_INSTRUCTIONS FOR THE TASK_
Leave every picture out, and print the full listing again exactly.

Start of INFORMATION SUPPLIED

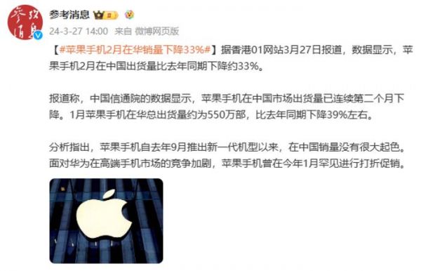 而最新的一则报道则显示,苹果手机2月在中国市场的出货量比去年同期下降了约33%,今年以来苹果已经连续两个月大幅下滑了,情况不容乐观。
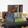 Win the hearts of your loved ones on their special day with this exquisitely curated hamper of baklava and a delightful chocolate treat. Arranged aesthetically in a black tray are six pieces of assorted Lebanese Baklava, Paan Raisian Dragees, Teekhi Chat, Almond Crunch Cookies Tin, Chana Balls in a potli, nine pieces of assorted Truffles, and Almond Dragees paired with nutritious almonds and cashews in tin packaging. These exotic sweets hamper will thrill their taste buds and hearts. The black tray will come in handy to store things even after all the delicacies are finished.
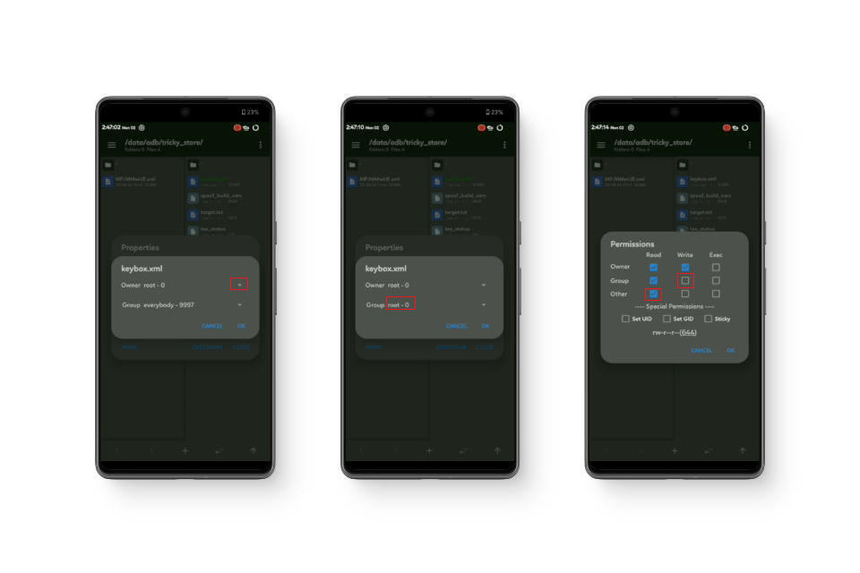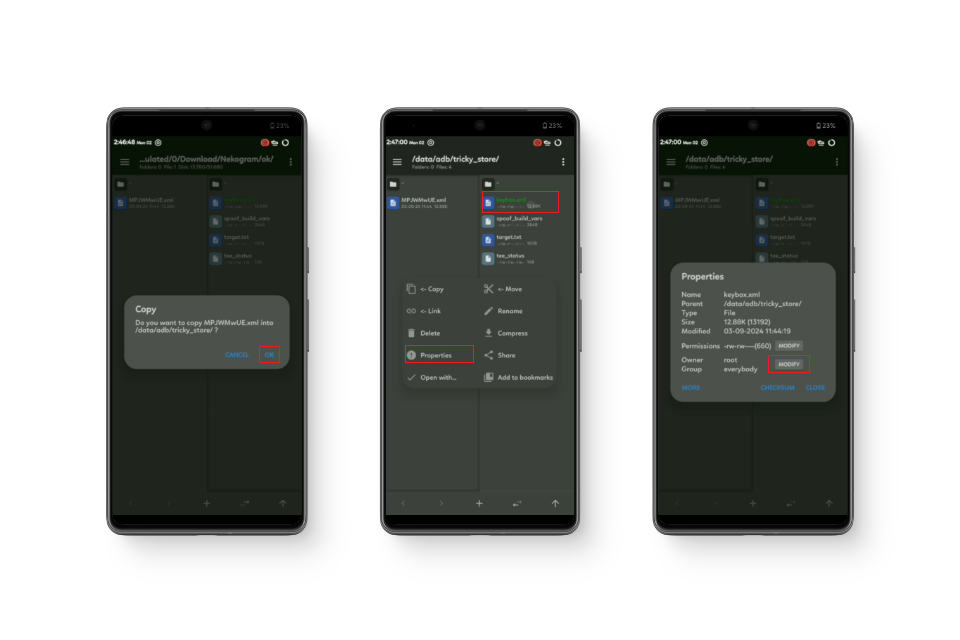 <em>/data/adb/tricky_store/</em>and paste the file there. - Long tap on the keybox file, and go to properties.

End of INFORMATION SUPPLIED

_RESULT BELOW_
 而最新的一则报道则显示,苹果手机2月在中国市场的出货量比去年同期下降了约33%,今年以来苹果已经连续两个月大幅下滑了,情况不容乐观。
 Win the hearts of your loved ones on their special day with this exquisitely curated hamper of baklava and a delightful chocolate treat. Arranged aesthetically in a black tray are six pieces of assorted Lebanese Baklava, Paan Raisian Dragees, Teekhi Chat, Almond Crunch Cookies Tin, Chana Balls in a potli, nine pieces of assorted Truffles, and Almond Dragees paired with nutritious almonds and cashews in tin packaging. These exotic sweets hamper will thrill their taste buds and hearts. The black tray will come in handy to store things even after all the delicacies are finished.
 <em>/data/adb/tricky_store/</em>and paste the file there. - Long tap on the keybox file, and go to properties.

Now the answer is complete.